**TASK DETAILS**
The material below includes pictures; leave them out and return only the lines between the line containing "雨予報でしたが,プールに入る" and the line containing "You can now", inclusive, word for word.

═════ GIVEN RECORDS ═════

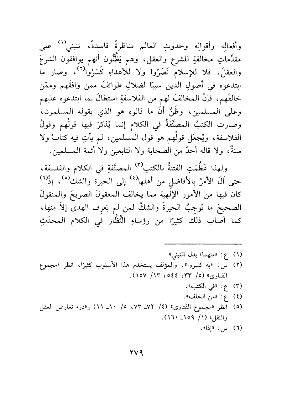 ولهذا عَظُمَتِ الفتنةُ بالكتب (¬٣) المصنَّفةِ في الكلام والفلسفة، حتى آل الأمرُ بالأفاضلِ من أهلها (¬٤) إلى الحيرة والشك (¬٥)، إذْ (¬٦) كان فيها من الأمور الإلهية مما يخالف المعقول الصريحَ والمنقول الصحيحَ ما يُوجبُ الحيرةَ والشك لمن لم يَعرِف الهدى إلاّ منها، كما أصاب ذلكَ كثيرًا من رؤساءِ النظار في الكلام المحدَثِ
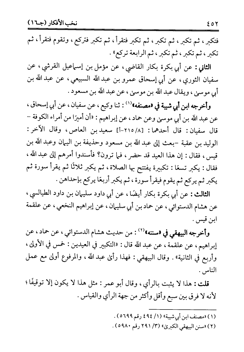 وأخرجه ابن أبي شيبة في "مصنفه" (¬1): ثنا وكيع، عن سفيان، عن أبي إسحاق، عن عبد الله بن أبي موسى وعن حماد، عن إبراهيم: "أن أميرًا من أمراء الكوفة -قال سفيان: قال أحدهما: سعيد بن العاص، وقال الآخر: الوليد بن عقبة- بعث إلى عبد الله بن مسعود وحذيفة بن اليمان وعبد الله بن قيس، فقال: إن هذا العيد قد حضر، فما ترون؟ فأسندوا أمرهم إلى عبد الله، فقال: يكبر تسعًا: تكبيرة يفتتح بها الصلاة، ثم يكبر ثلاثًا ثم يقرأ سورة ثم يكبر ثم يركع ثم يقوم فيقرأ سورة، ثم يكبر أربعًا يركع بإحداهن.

═════
═════ GIVEN RECORDS ═════

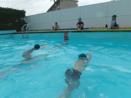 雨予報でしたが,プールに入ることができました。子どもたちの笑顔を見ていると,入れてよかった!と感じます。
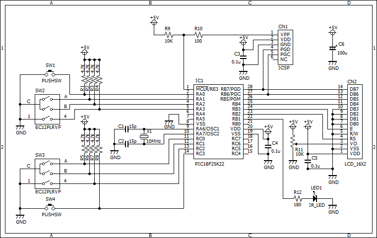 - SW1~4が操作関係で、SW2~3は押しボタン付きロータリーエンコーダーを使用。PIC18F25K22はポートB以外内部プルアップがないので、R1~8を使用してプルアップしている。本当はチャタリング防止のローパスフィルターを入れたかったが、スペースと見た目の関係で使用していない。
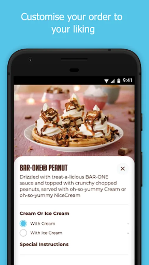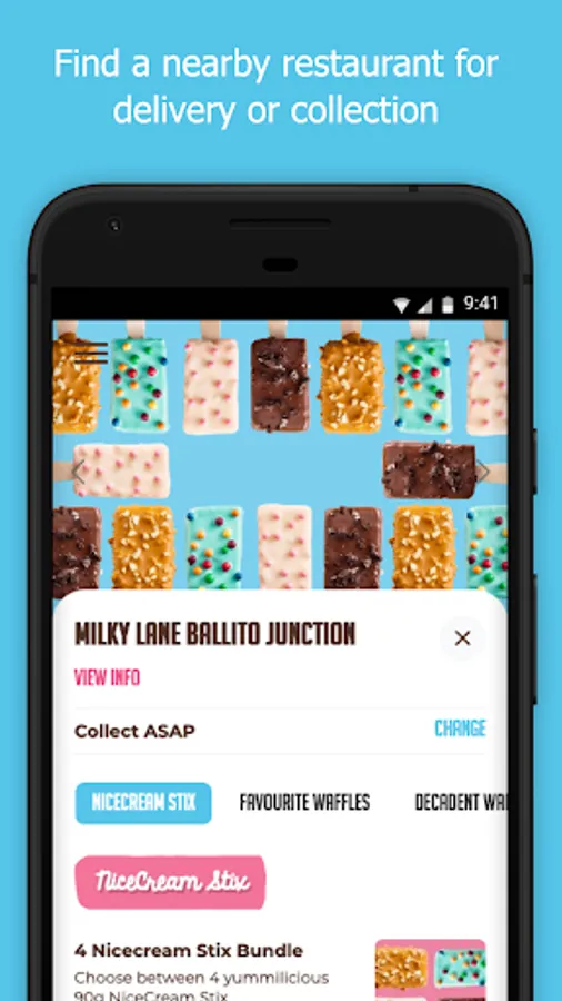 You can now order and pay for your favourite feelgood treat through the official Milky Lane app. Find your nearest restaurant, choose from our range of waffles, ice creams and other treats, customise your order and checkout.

═════
═════ GIVEN RECORDS ═════

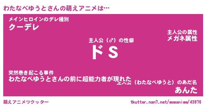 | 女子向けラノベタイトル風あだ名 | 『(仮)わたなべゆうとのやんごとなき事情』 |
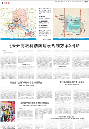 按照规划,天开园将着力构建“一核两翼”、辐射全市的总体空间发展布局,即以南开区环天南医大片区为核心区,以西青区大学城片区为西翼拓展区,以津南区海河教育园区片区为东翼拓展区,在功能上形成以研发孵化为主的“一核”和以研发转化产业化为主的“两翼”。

═════

**ANSWER**
 雨予報でしたが,プールに入ることができました。子どもたちの笑顔を見ていると,入れてよかった!と感じます。
 - SW1~4が操作関係で、SW2~3は押しボタン付きロータリーエンコーダーを使用。PIC18F25K22はポートB以外内部プルアップがないので、R1~8を使用してプルアップしている。本当はチャタリング防止のローパスフィルターを入れたかったが、スペースと見た目の関係で使用していない。
 You can now order and pay for your favourite feelgood treat through the official Milky Lane app. Find your nearest restaurant, choose from our range of waffles, ice creams and other treats, customise your order and checkout.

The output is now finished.